I made a function that uses Double.TryParse to convert the text to a double value. It works fine:

        if (Double.TryParse(text, out result))
        {
            return result;
        }
        else
        {
            return defaultValue;
        }

Now I needed a second type to be convertable and instead of copying the function, I wanted to make a function that accepts the type (don't mind the Type argument instead of generic <T> function, it's for integrity reasons).

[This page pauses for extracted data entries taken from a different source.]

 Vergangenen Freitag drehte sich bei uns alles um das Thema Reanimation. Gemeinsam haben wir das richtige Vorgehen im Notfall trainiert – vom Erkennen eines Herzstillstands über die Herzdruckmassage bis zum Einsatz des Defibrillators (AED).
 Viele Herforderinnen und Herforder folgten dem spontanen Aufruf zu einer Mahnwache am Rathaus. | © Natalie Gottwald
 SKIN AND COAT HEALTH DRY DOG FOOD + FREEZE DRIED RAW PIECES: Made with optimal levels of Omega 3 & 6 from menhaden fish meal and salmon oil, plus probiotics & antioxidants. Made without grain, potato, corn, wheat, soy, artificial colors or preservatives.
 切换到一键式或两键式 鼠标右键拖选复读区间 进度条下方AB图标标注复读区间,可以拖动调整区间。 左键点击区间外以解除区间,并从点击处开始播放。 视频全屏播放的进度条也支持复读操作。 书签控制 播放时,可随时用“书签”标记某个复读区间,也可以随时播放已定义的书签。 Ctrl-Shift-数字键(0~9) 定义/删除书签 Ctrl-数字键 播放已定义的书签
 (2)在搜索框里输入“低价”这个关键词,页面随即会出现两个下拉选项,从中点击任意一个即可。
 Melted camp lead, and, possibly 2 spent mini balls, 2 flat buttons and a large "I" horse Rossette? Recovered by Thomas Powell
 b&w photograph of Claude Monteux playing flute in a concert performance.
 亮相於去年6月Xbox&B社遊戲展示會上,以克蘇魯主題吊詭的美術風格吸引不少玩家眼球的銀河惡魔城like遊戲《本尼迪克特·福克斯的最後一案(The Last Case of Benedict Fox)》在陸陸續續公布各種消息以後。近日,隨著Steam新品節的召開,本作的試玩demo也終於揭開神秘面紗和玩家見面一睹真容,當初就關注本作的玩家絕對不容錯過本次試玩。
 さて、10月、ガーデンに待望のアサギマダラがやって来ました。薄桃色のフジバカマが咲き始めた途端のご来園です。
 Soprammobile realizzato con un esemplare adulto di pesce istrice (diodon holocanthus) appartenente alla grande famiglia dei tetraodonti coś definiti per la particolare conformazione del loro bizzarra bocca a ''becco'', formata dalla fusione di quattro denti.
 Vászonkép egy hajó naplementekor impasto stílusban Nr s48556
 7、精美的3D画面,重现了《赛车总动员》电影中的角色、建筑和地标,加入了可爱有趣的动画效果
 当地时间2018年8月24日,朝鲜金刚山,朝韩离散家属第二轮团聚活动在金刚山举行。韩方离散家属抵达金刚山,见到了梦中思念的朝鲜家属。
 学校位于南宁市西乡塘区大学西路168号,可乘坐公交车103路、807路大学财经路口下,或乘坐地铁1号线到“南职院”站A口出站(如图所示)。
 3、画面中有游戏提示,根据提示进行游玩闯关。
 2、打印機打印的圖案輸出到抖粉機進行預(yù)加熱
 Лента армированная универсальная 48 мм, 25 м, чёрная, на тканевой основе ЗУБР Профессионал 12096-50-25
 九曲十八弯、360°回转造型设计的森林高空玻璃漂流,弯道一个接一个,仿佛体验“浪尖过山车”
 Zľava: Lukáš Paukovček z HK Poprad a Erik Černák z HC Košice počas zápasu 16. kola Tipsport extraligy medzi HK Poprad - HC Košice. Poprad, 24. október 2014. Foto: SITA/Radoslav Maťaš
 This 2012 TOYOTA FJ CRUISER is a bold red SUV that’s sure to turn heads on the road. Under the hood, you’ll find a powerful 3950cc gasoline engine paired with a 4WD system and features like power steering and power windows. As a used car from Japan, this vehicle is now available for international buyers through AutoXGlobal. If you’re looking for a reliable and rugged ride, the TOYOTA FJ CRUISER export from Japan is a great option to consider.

    public static object DefaultIfNotValid(this object value, Type type, object defaultValue)
    {
        var converter = TypeDescriptor.GetConverter(type);
        object convertedValue;

        if (converter != null)
        {
            try
            {
                convertedValue = converter.ConvertFrom(value);
                return convertedValue;
            }
            catch (Exception)
            {
                return defaultValue;
            }
        }

        return defaultValue;
    }

The problem with this code is that it works for "123" but it doesn't work for the above number "6.967.015". The Convert function throws "6.967.015 is not a valid value for double". I tried giving the function a culture parameter to see if that was the problem, but that didn't work either (I passed null for the TypeDescriptorContext).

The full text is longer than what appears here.